Pro-life advocates secured a significant victory at the United Nations this week when the chairman of the Commission on Population and Development (CPD) withdrew a draft agreement rather than force through language promoting abortion and gender ideology over the objections of member nations.
The annual CPD session — a one-week gathering held each April in New York — ended without adopting any final text after Ambassador Zéphyrin Maniratanga of Burundi, serving as session chairman, declined to present the contested draft for a vote. The decision preserved the UN body’s long-standing requirement that documents be adopted only by consensus, meaning no nation formally objects.

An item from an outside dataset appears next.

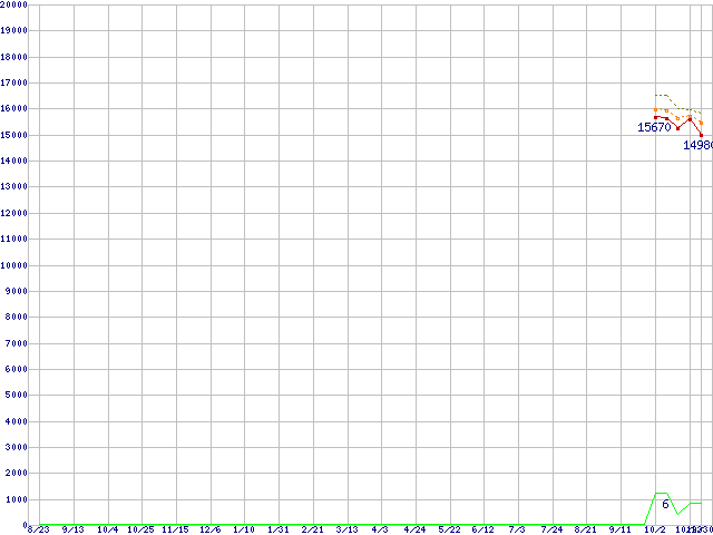 ※このグラフは過去のデータも税率5%相当に調整した税込み相当額のグラフです。 税率変更や、総額表示方式導入(2004年4月)の影響は除いています。 | | | ●凡例 | 最安値 (点線部は販売店未確認 または未調査) | 平均値 | 最高値 | ショップ数 |

Several countries voiced support for the chairman’s decision, including the United States, the Holy See, Egypt, Nigeria, Malaysia, and The Gambia. The Holy See specifically criticized the draft’s “inordinate focus” on sexual and reproductive health — language it noted has “always been controversial” — and called for negotiations to address a broader health agenda rather than using population discussions as a vehicle for abortion advocacy.
This marks the seventh time in the last ten CPD sessions that the body has failed to reach agreement — a consistent pattern in which pro-life and developing nations have successfully blocked progressive governments from embedding explicit abortion endorsements, comprehensive sexuality education mandates, and gender ideology into binding UN documents.